The back half is even richer. “The Hunt” creeps with a candlelit patience, while “A Simple Answer” jangles and pulses, like the group trying on a brighter shirt and finding it fits. “What’s Wrong” carries a brass-laced ache that never tips into sentimentality. “Gun-Shy” taps out nervous energy with pricked guitars and sounds treated at the microscopic level. Then “Half Gate” clears the fog with a gale of melody before “Sun in Your Eyes” ties it all up in one grand, glowing arc. That closer stretches past seven minutes and never wastes a second, brass and keys swelling as Droste sings to the horizon. I still get goosebumps when that last chord opens.
A lot of the story sits in the process. After early work that sometimes broke down into individual songwriters presenting finished pieces, the Shields sessions emphasized writing together. In interviews around release, the band talked about scrapping ideas that felt too tidy and chasing the energy of playing in a room. You can hear it. Guitars breathe, drums converse, woodwinds peep through like wind in rafters. Chris Taylor’s role as engineer and mixer keeps the sonic picture clear without sanding off texture. It feels lived in, even when the arrangements bloom into something grand.

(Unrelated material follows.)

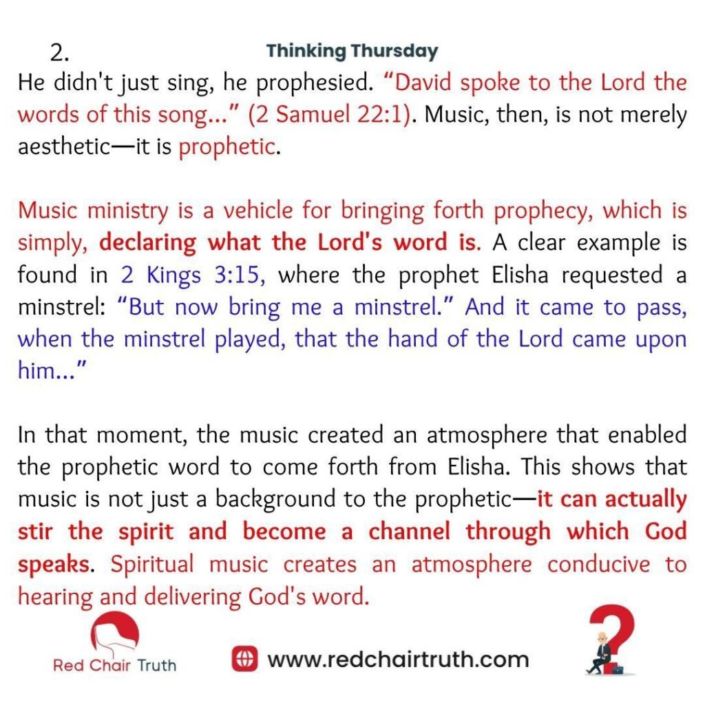 In that moment, the music created an atmosphere that enabled the prophetic word to come forth from Elisha. This shows that music is not just a background to the prophetic—it can actually stir the spirit and become a channel through which God speaks. Spiritual music creates an atmosphere conducive to hearing and delivering God’s word.

Critics heard it too. Pitchfork tagged it Best New Music and year-end lists piled up, not as a coronation but as recognition that Grizzly Bear had quietly leveled up again. The songs aren’t built to bowl you over on first listen. They stick, then deepen. “Yet Again” and “Sleeping Ute” became fan favorites for good reason, but it is the connective tissue that sells the record, the transitions where the band lets silence in or lets a snare echo a half second longer.
If you fell for Veckatimest, this is a different kind of reward. It is less chandelier, more solid timber. That makes Shields vinyl such a satisfying spin. The low end sits warm and present, cymbals bloom naturally, and the layered vocals feel three dimensional without turning syrupy. If you browse a Melbourne record store or plan to buy Grizzly Bear records online, look for a clean copy of the Warp pressing. Among Grizzly Bear albums on vinyl, this one is the keeper you put on when the room is dim and you want detail and pulse, not just atmosphere. A later reissue, Shields: Expanded, added outtakes like “Will Calls” and remixes from Nicolas Jaar that are worth hearing, but the core album stands on its own as their most cohesive front-to-back statement.
Grizzly Bear vinyl tends to draw folks who like to lean in, to notice the way a harmony moves on the second chorus or how the toms are tuned to sit under a bassline. Shields rewards that kind of listening, but it also has the simple pleasures of a great rock record. Big choruses, curious bridges, a closer that lands the plane. Ten years on, it still sounds like four friends in a room, hearing each other, leaving space, and trusting the song. If you only grab one Grizzly Bear record for the shelf, this is the one. And if you stumble across Shields vinyl while digging through a bin of vinyl records Australia stockists swear by, take it home. You will know why by the end of side B.